Specifically, this centipede – which is blind – has not only lost every bit of DNA coding for known light-sensing proteins, but also all known genes specific to the circadian clock. In other animals, genes like clock and period mutually regulate one another in a way that makes the abundance of each gene product oscillate in a regular manner (this is about the simplest graphical representation I could find…). The clock runs on a roughly daily cycle all by itself, but it’s also connected to external light via the aforementioned light-sensing proteins, so we can constantly adjust our internal rhythms according to real day-night cycles.
There are many blind animals, and many that live underground or otherwise find day and night kind of irrelevant, but even these are often found to have a functioning circadian clock or keep some photoreceptor genes around. However, based on the genome data, our favourite centipede may be the first to have completely lost both. The authors of the genome paper hypothesise that this may be related to the length of evolutionary time the animals have spent without light. Things like mole rats are relatively recent “inventions”. However, the geophilomorph order of centipedes, to which Strigamia belongs, is quite old (its most likely sister group is known from the Carboniferous, so they’re probably at least that ancient). Living geophilomorphs are all blind, so chances are they’ve been that way for the last 300+ million years.
Nonetheless, the authors also note that geophilomorphs are still known to avoid light – the question now is how the hell they do it… And, of course, whether Strigamia has a clock is not known – only that it doesn’t have the clock we’re used to. We also have no idea at this point how old the gene losses actually are, since all the authors know is that one other centipede from a different group has perfectly good clock genes and opsins.
In comparison with fruit flies and other insects, the Strigamia genome also reveals some of the ways in which evolutionary cats can be skinned in multiple ways. There is an immune-related gene family we share with arthropods and other animals, called Dscam. The product of this gene is involved in pathogen recognition among other things, and in flies, Dscam genes are divided into roughly 100 chunks or exons, most of which are are found in clusters of variant copies. When the gene is transcribed, only one of these copies is used from each such cluster, so in practical terms the handful of fruit fly Dscam genes can encode tens of thousands of different proteins, enough to adapt to a lot of different pathogens.
A similar arrangement is seen in the closely related crustaceans, although with fewer potential alternative products. In other groups – the paper uses vertebrates, echinoderms, nematodes and molluscs for comparison – the Dscam family is pretty boring with at most one or two members and none of these duplicated exons and alternative splicing business. However, it looks like insects+crustaceans are not the only arthropods to come up with a lot of DSCAM proteins. Strigamia might also make lots of different ones (“only” hundreds in this case), but it achieved this by having dozens of copies of the whole gene instead of performing crazy editing feats on a small number of genes. Convergent evolution FTW!

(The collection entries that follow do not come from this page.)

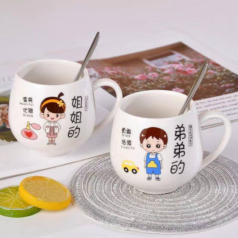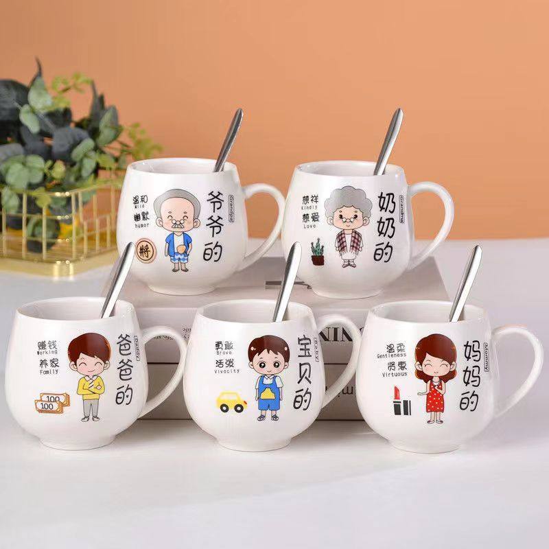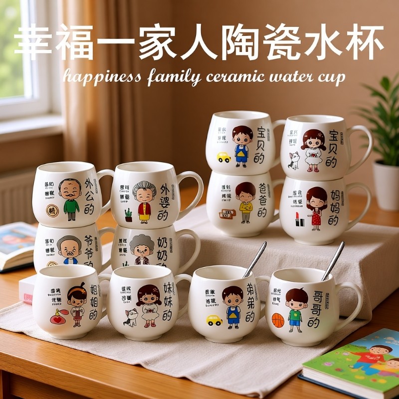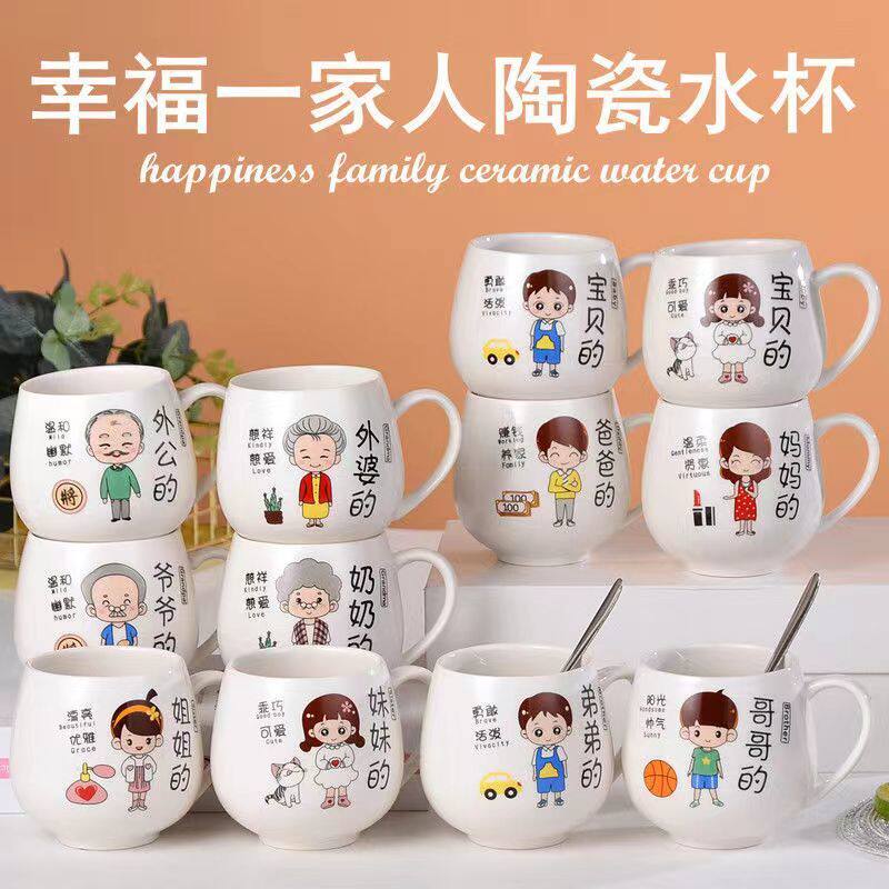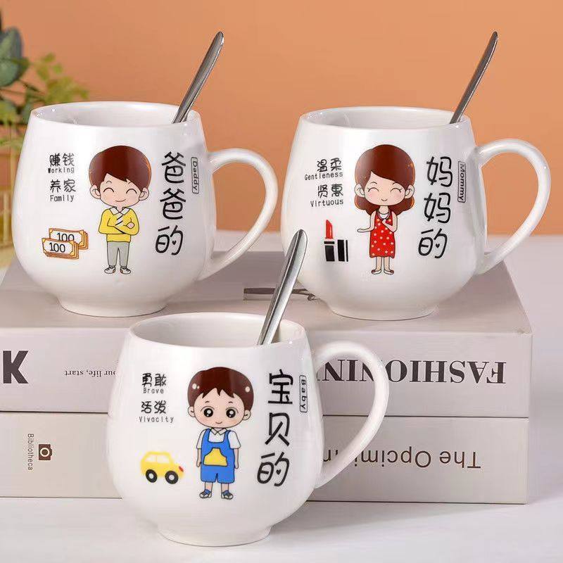 家用家庭装杯子喝水一家人水杯马克杯亲子卡通杯子牛奶杯可爱陶瓷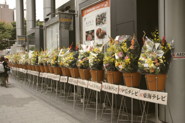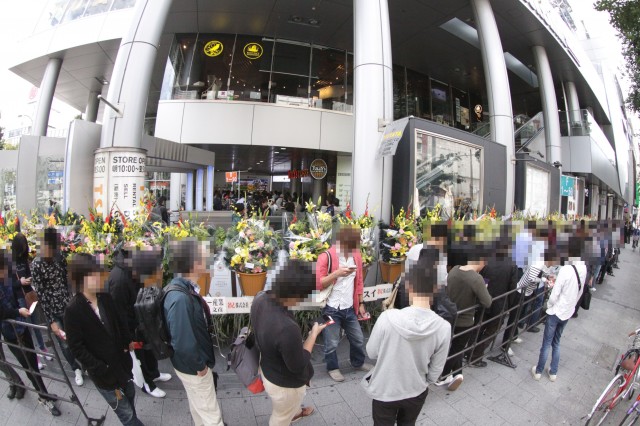 店舗の周りには、フラワースタンドが包み込むように取り巻き、更にその外を多くのファンが並んで待つ。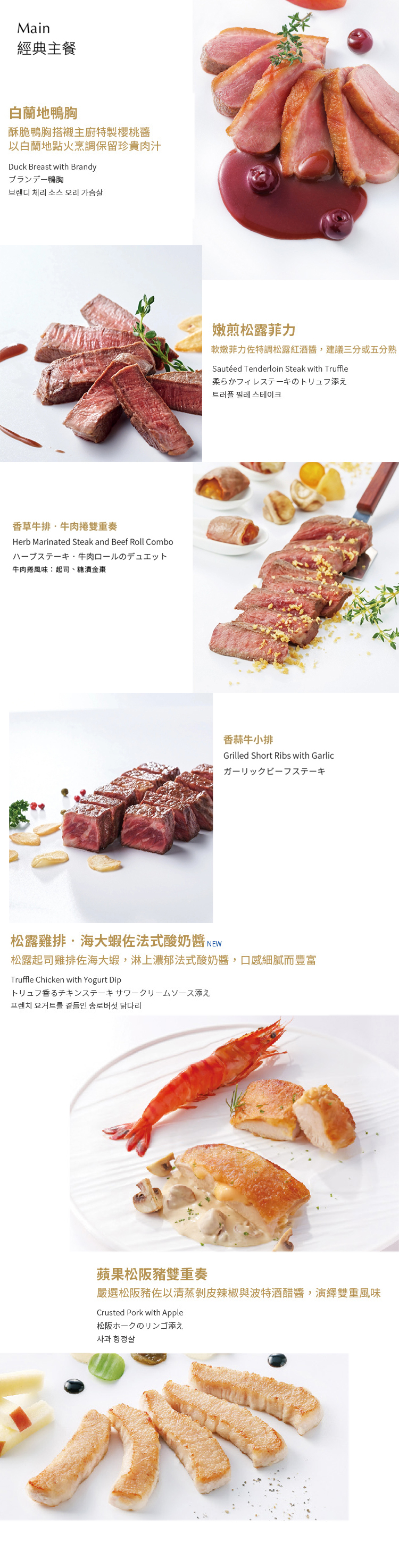 夏慕尼大膽顛覆傳統鐵板燒的老式印象,創新結合法式料理的細膩手法與 Lounge Bar 的浪漫設計風格,將時尚浪漫融入美食中,營造出時尚精品店般的用餐氛圍。整套餐從開胃菜、主餐、甜點、飲料共10道菜色,傳達消費者「第一時間。先嚐。嚐鮮」的品牌精神,讓品嚐美食變成一種味覺享受與視覺饗宴。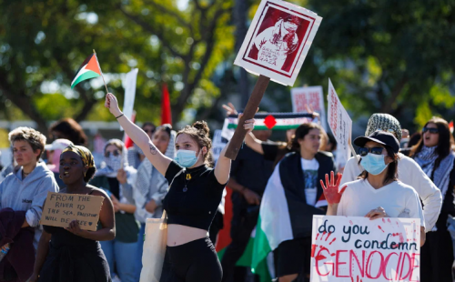 ক্যালিফোর্নিয়ার সান দিয়েগোতে নর্থরপ গ্রুম্যানের কারখানার বাইরে বিক্ষোভকারীরা।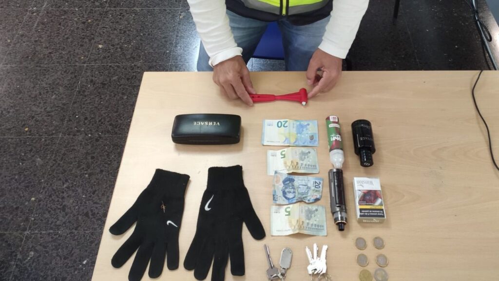 Los policías efectuaron un registro a los menores y localizaron un teléfono móvil de alta gama, perfumes, un vaper, varios billetes, un estuche de gafas y otros efectos, interviniendo los mismos junto con los guantes y el martillo rompelunas. Después comprobaron que el teléfono móvil provenía de otro robo en interior de vehículo perpetrado el 14 de marzo.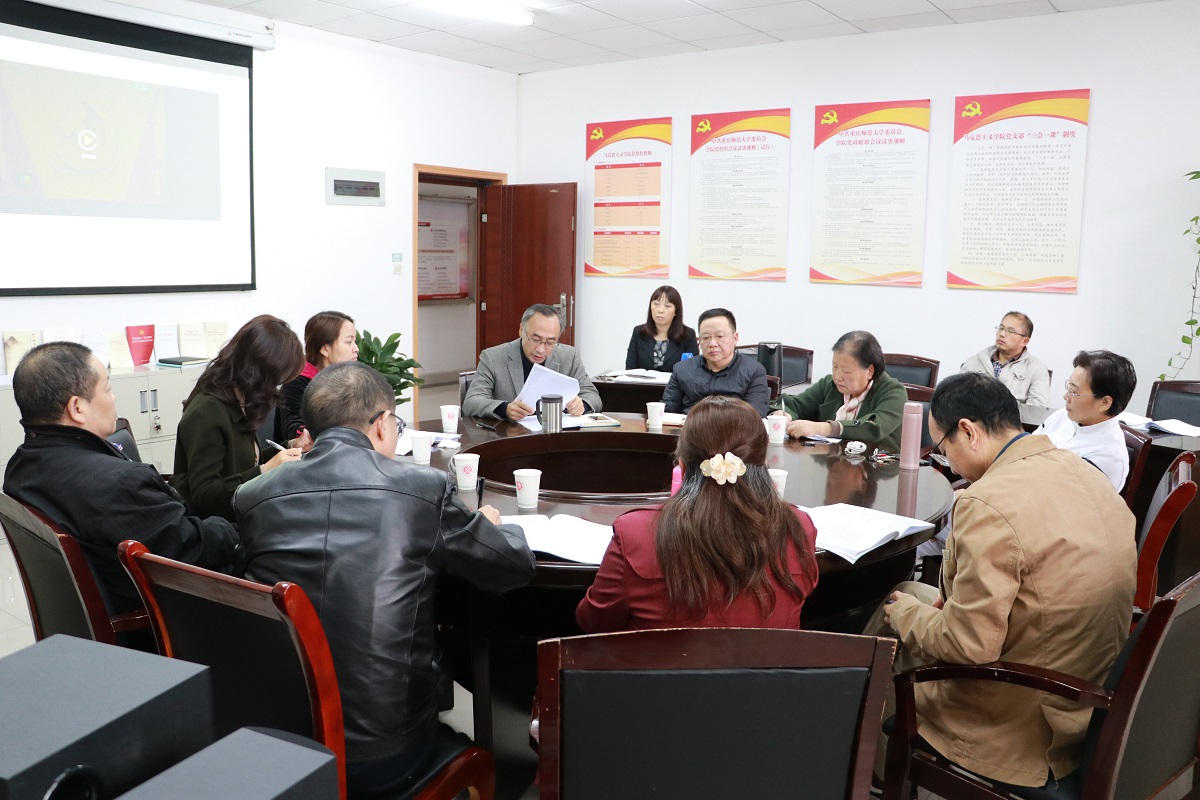 按照“不忘初心、牢记使命”主题教育学习的计划安排,11月6日下午,我院党委理论学习中心组在学院301会议室开展了本月首次集中理论学习会议,主题为党的十九届四中全会精神的学习。参加本次学习的人员有学院党委委员、纪委委员、党支部书记,学校“不忘初心、牢记使命”主题教育督导组的吴友恒同志参加了此次学习,学习会议由党委书记刘军主持。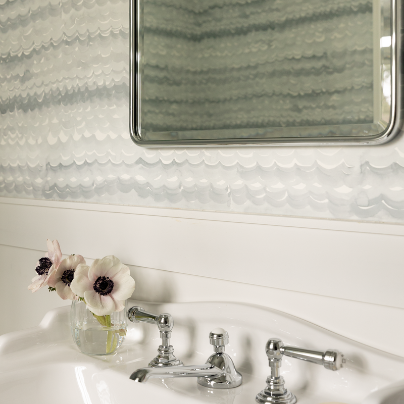 Customers often ask us, “Can I use a wallpaper in a bathroom?” or “Can I use wallpaper in a bathroom with a shower?” We also hear, “Can wallpaper get wet?” quite a lot. It’s a natural question because paper and water typically don’t play well together. However, we love to see our wallpapers used in all types of bathrooms, and yes, it’s safe to install our wallpaper in a bathroom. We do, however, recommend using different wallpaper grounds and design strategies to protect your walls depending on the specifics of your project.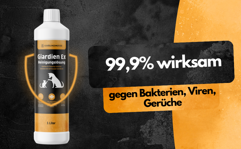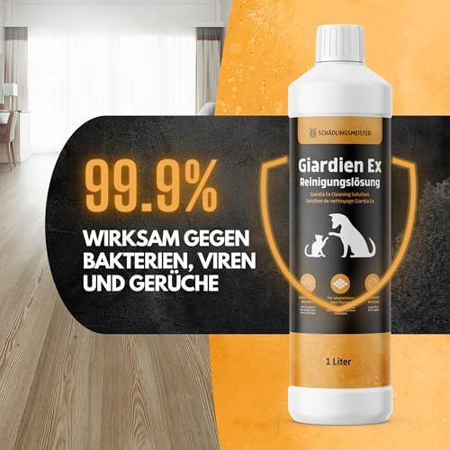 Mit einer Wirksamkeit von 99,9% gegen Viren, Bakterien und Pilze sichert die Giardien Ex Lösung eine hygienische Umgebung. Ideal für Haushalte mit Tieren und ausgedehnten Hygieneanforderungen, sorgt dieses Produkt dafür, dass Ihr Wohnraum sauber und keimfrei bleibt.

Before I paraphrase the entire paper in my squeeful enthusiasm (no, seriously, I’ve not even mentioned the Hox genes, and the convergent evolution of chemoreceptors, and I think it’s best if I shut up now), let’s get to something else that I can’t not “point out” at length: a shiny new vetulicolian, and they say it’s related to sea squirts!
Vetulicolians really deserve a proper discussion, but in lieu of a spare week to read up on their messiness, for now, it’s enough to say that these early Cambrian animals have baffled palaeontologists since day one. Reconstructions of various types look like… a balloon with a fin? Inflated grubs without faces? I don’t know. Drawings below (Stanton F. Fink, Wikipedia) show an assortment of the beasts, plus Yunnanozoon, which may or may not have something to do with them. Here are some photos of their fossils, in case you wondered.
They’re certainly difficult creatures to make sense of. Since their discovery, they’ve been called both arthropods and chordates, and you can’t get much farther than that with bilaterian animals (they’re kind of like the Nectocaris of old, come to think of it…).
The latest one was dug up from the Emu Bay Shale of Australia, the same place that yielded our first good look at anomalocaridid eyes. Its newest treasure has been named Nesonektris aldridgei by its taxonomic parents (GarcÃa-Bellido et al., 2014), and it looks something like this (Diego GarcÃa-Bellido’s reconstruction from the paper):
In other words, pretty typical vetulicolian “life but not as we know it”, at first glance. Its main interest lies in the bit labelled “nc” in the specimens shown below (from the same figure):
This chunky structure in the animal’s… tail or whatever is a notochord, the authors contend. Now, only one kind of animal has a notochord: a chordate. (Suspicious annelid muscle bundles notwithstanding. Oh yeah, I also wanted to post on Lauri et al. 2014. Oops?) So if this thing in the middle of Nesonektris’s tail is a notochord, then at the very least it is more closely related to chordates than anything else.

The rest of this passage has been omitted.